● WHAT YOU HAVE TO DO
There is one span to output from the data below: the lines starting at the line with "All the probing" and ending at the line with "Naklejka premium Panorama". Output it exactly, ends included, nothing more.

● EXTRACTED ENTRIES

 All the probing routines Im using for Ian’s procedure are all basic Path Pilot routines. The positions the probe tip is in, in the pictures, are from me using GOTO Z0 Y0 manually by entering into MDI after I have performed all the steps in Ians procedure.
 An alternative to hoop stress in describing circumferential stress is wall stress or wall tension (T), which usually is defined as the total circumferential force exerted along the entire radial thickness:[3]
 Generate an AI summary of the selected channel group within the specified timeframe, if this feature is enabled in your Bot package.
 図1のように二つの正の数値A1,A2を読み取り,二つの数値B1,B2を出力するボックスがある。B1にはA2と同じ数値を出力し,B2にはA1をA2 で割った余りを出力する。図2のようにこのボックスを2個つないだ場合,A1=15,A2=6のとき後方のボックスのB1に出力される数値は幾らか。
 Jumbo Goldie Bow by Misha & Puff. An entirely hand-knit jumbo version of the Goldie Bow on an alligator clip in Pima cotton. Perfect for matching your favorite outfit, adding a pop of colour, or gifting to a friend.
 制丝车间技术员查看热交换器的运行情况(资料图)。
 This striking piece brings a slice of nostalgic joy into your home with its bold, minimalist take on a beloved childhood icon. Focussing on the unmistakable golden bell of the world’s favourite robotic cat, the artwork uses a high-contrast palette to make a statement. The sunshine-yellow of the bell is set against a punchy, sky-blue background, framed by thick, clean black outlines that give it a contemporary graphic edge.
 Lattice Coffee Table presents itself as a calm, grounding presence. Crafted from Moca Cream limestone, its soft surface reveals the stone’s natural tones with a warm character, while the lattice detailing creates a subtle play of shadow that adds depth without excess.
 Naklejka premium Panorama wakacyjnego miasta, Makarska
...
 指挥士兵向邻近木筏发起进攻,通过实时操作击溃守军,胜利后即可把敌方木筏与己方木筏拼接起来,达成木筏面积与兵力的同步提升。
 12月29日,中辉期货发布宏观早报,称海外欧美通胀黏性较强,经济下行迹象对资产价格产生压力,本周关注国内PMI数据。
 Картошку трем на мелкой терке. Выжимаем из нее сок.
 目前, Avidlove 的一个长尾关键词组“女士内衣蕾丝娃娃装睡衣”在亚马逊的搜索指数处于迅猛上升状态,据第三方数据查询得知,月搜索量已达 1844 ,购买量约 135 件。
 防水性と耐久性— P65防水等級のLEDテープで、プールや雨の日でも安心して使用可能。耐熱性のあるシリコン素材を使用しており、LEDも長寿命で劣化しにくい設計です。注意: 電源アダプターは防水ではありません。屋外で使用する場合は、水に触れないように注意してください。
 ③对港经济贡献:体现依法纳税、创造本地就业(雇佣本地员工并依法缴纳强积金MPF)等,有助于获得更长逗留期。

● RESPONSE TO THIS EXERCISE
 All the probing routines Im using for Ian’s procedure are all basic Path Pilot routines. The positions the probe tip is in, in the pictures, are from me using GOTO Z0 Y0 manually by entering into MDI after I have performed all the steps in Ians procedure.
 An alternative to hoop stress in describing circumferential stress is wall stress or wall tension (T), which usually is defined as the total circumferential force exerted along the entire radial thickness:[3]
 Generate an AI summary of the selected channel group within the specified timeframe, if this feature is enabled in your Bot package.
 図1のように二つの正の数値A1,A2を読み取り,二つの数値B1,B2を出力するボックスがある。B1にはA2と同じ数値を出力し,B2にはA1をA2 で割った余りを出力する。図2のようにこのボックスを2個つないだ場合,A1=15,A2=6のとき後方のボックスのB1に出力される数値は幾らか。
 Jumbo Goldie Bow by Misha & Puff. An entirely hand-knit jumbo version of the Goldie Bow on an alligator clip in Pima cotton. Perfect for matching your favorite outfit, adding a pop of colour, or gifting to a friend.
 制丝车间技术员查看热交换器的运行情况(资料图)。
 This striking piece brings a slice of nostalgic joy into your home with its bold, minimalist take on a beloved childhood icon. Focussing on the unmistakable golden bell of the world’s favourite robotic cat, the artwork uses a high-contrast palette to make a statement. The sunshine-yellow of the bell is set against a punchy, sky-blue background, framed by thick, clean black outlines that give it a contemporary graphic edge.
 Lattice Coffee Table presents itself as a calm, grounding presence. Crafted from Moca Cream limestone, its soft surface reveals the stone’s natural tones with a warm character, while the lattice detailing creates a subtle play of shadow that adds depth without excess.
 Naklejka premium Panorama wakacyjnego miasta, Makarska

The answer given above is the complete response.